Please don’t get me wrong, I am in no way advocating a massive DSLR fire sale. The artistic control of a manual camera is undoubtedly far more powerful than any point and shoot or phone. What I am noting however, is that all of the megapixel talk, sensor comparisons and new camera reviews are designed to sell more merchandise, not make you a better artist.
I can see the heated comments now; “more megapixels give me more cropping space.” Sure, but why this sudden need to crop so heavily? For example, Henri Cartier-Bresson didn’t crop at all. Instead, he only included what he wanted in the viewfinder. His results speak for themselves.
In checking the submission requirements for Getty images, you’ll notice that files need to be 50MB. Even on most full frame camera, resampling in photo enlargement software is necessary to accomplish this. Yet despite the interpolation, these images are of high enough quality for the world’s largest stock photography agency and all of their clients. Still think you need more resolution? Look at the list of approved cameras for Getty. You’ll see older models such as the 10 megapixel Canon 40D.

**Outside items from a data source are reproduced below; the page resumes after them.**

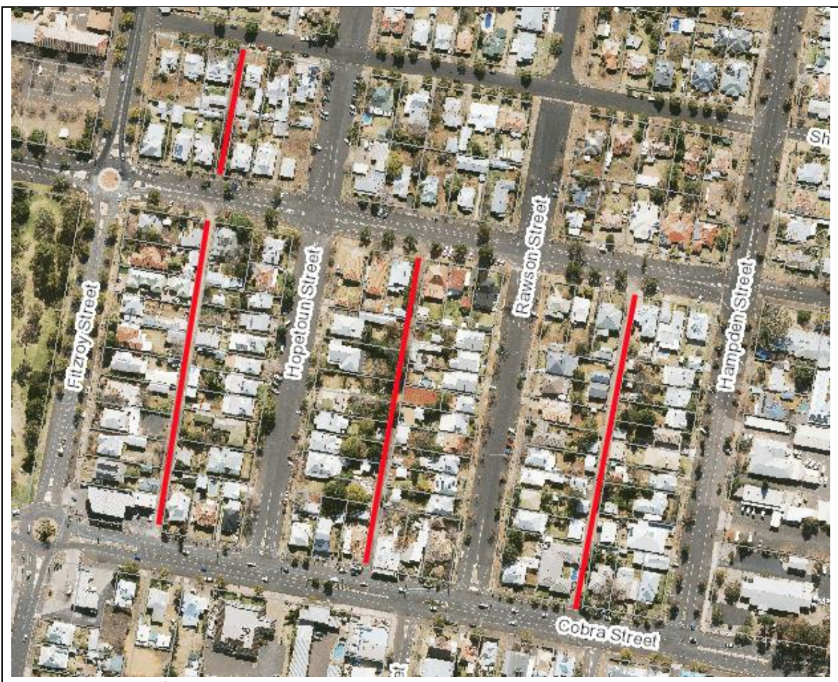
Figure 2: Location of unnamed laneways highlighted in red

Keeping with the theme of Governors of New South Wales, it is recommended that the laneways be named as follows:
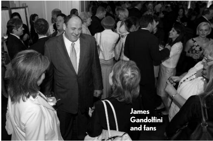
James Gandolfini and fans
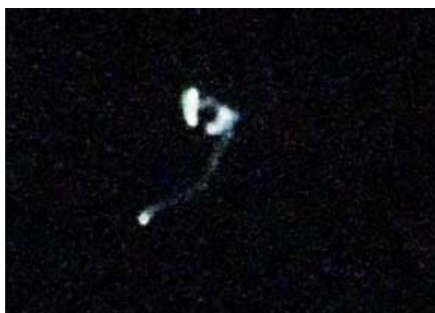
Images of changing patterns produced by bright, unidentified aerial light taken on February 14, 2009, between 6 PM and about 9:30 PM to 10:00 PM Central by John Smith from his home between Elmwood and Plum City, Wisconsin, looking east. See: February 27, 2009 Earthfiles .

Compare to January 3, 2009, 7:22 PM Eastern, Over Empire, Ohio
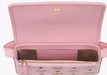
AREN CROSSBODY WALLET IN VISETOS
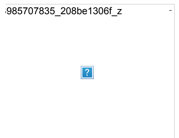
Recipes for Eco-Friendly Carpet Stain Remover
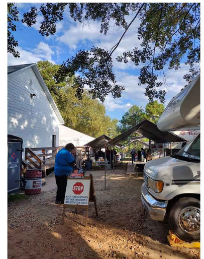
NC State Fair 2023
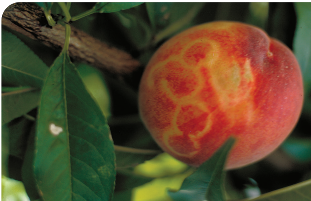
Chlorotic spot symptoms on peach fruit
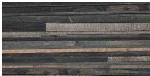
| 12x24 |
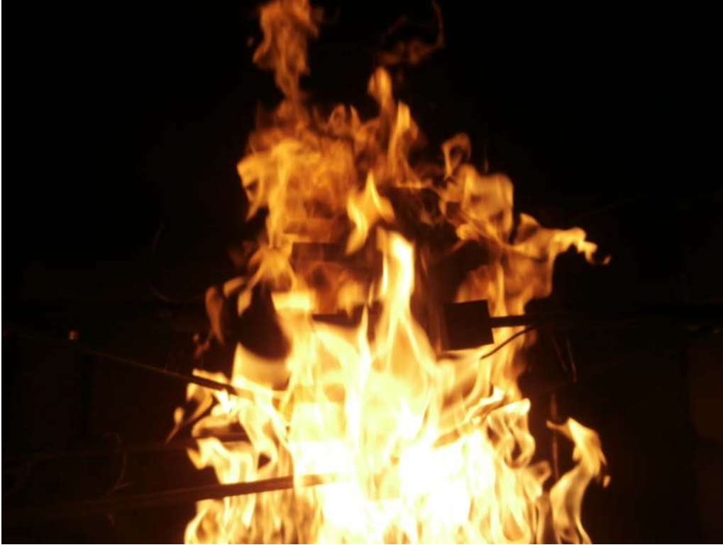
Test Gasket During Burn
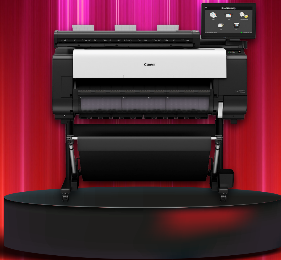
imagePROGRAF TX-3200 MFP Z36
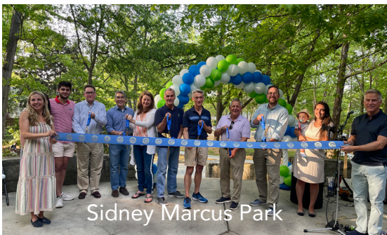
Sidney Marcus Park
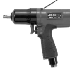
NPW-650A-T00 3/8" Sq. Drive Pulse Wrench
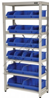
Shown with optional bucket storage
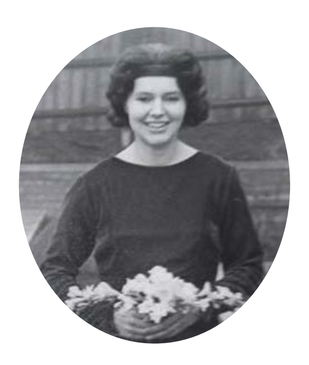
In Loving Memory of
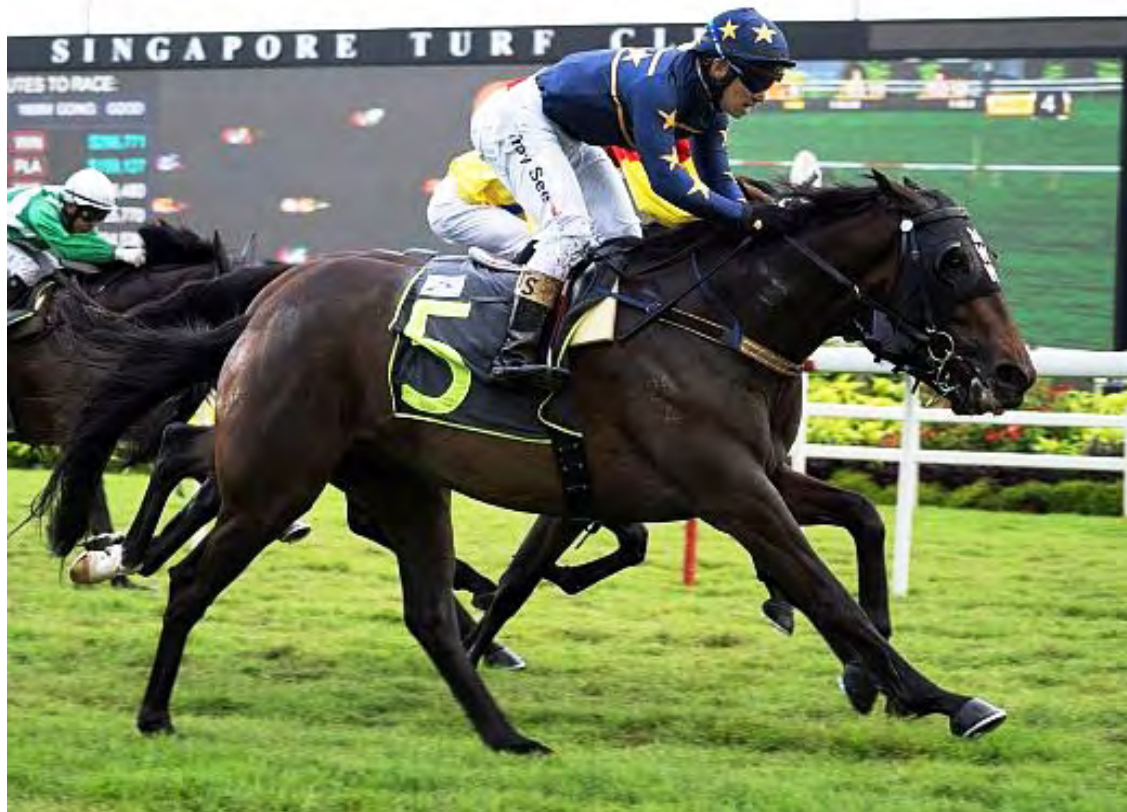
Lim's Rhythm breaks his maiden status at Kranji
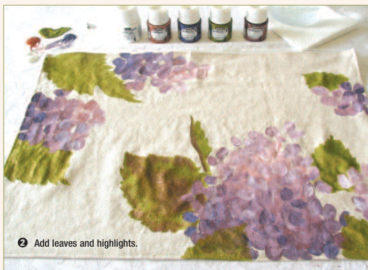
2 Add leaves and highlights.
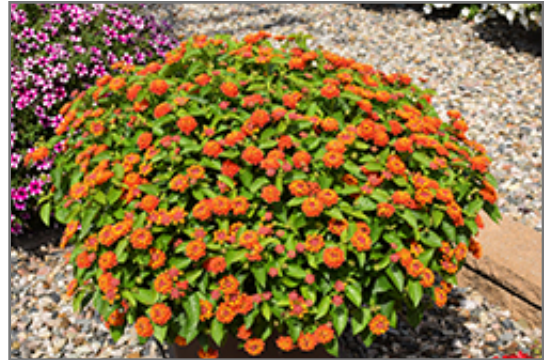
Hot Blooded Red Lantana in bloom

Hot Blooded Red Lantana will grow to be about 18 inches tall at maturity, with a spread of 28 inches. When grown in masses or used as a bedding plant, individual plants should be spaced approximately 12 inches apart. It has a low canopy. It grows at a fast rate, and under ideal conditions can be expected to live for approximately 20 years.
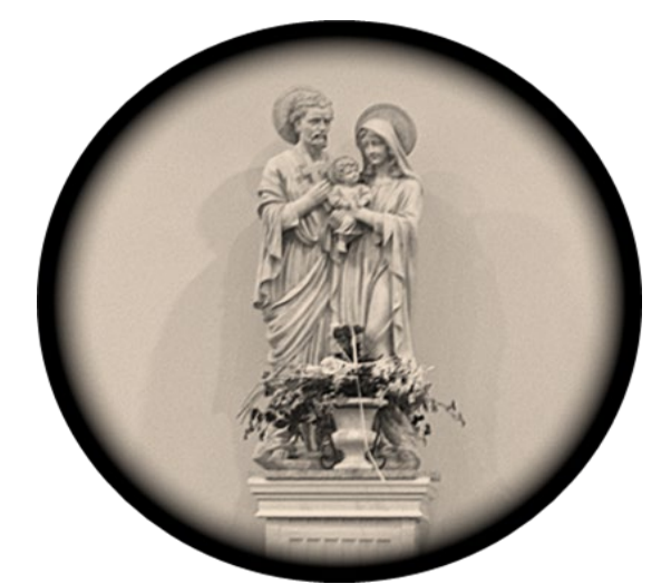
Feast of the Holy Family January 10, 2021
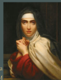
Saint Teresa of Avila September 25th at 7:30 PM
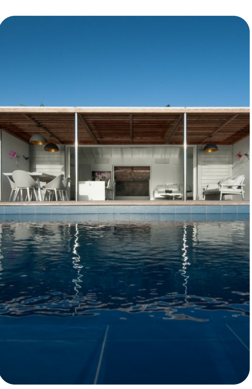
Villa Pointe Milou | Page 6 of 7

What I really saw in that billboard was more than just an ad for the latest smart phone. It was a sign that we’ve allowed the promise of the next best thing to cloud our vision for far too long. This has been perpetuated by marketing campaigns, forum chatter and magazine advertorials. As camera sales continue to decline, this noise will only grow louder to drum up new business. When it does, think back to this large billboard created with a camera phone. There may be no end in sight for the megapixel race, but it doesn’t mean you have to run in it to succeed. A wise man once said, “if you win the rat race, you’re still a rat”. I’d rather be a photographer.